Paper short abstract
This contribution discusses troubled ancestry relations in more-than-human ruins of northern Norway’s WWII legacies. By examining forest soils as material archives of violent pasts we ask for how these material testimonies can become sites for collective reimagination, care and repair.
Paper long abstract
Scattered broken glass fused together with rocks, partly overgrown with moss in the forests of Finnmark (Norway) – these are persistent remains of burnt-down food stores of the Nazi occupation. There are variants of plants and fungi that presumably arrived with the occupants’ horse-drawn supply carts. Ammunition depots hastily blown up (to prevent them from falling into the hands of the advancing Soviet army) left bare spots without a single blade of grass, bearing witness of the violent ‘scorched earth’ Nazi policy. WWII legacies are entrenched in further historical layers: Arctic settler colonialism, Norwegianization, pollution from industrial mining and nickel smelters, state borders of Norway, Russia and Finland cutting through Sápmi lands.
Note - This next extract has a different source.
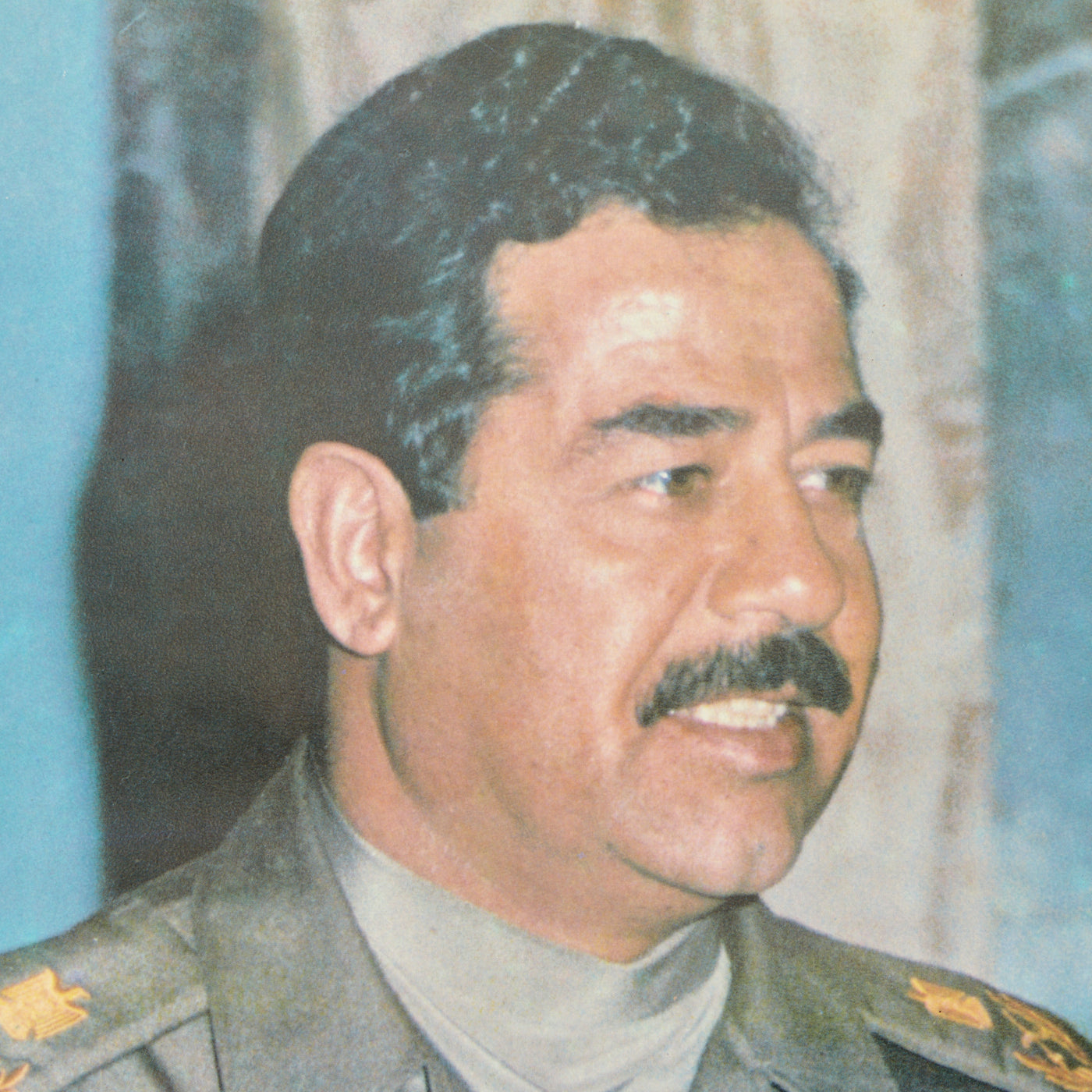 Original Item: Only one available. Iraqi Propaganda Poster featuring younger Saddam Hussein posed in a khaki military uniform. Certainly captured during Operation Desert Storm. Condition is excellent. Measures approximately 27” x 19.5”
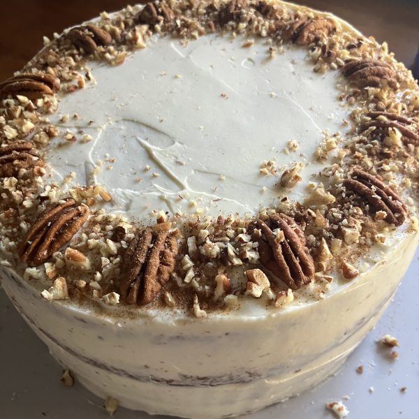 Hummingbird – banana, pineapple and pecan sponge with cream cheese filling and covering and finished with pecan nuts and cinnamon

The Nazi occupation in Finnmark has materialized in specific more-than-human relationalities with soil, rocks, plants, nematodes, wind and weather. Encountering those enmeshed legacies today, its layered sedimentations of war, forced labor and white supremacy, begs uneasy relationalities not least for us as scholars with (West) German background. Following the memorialization practices that work as reminders of ‘never again’ as to Nazi atrocities committed in Eastern Europe, attention to the material archive and testimony of soils invites us to rethink ancestry in view of the current global rise of fascisms. How can we understand the more-than human relationalities of such sites in ways that allow reimaginations of antifascist futures? This contribution is an attempt to grapple with kinships that result from troubled ancestries, asking for how remains of violent pasts can become sites of care, repair and collective world-making.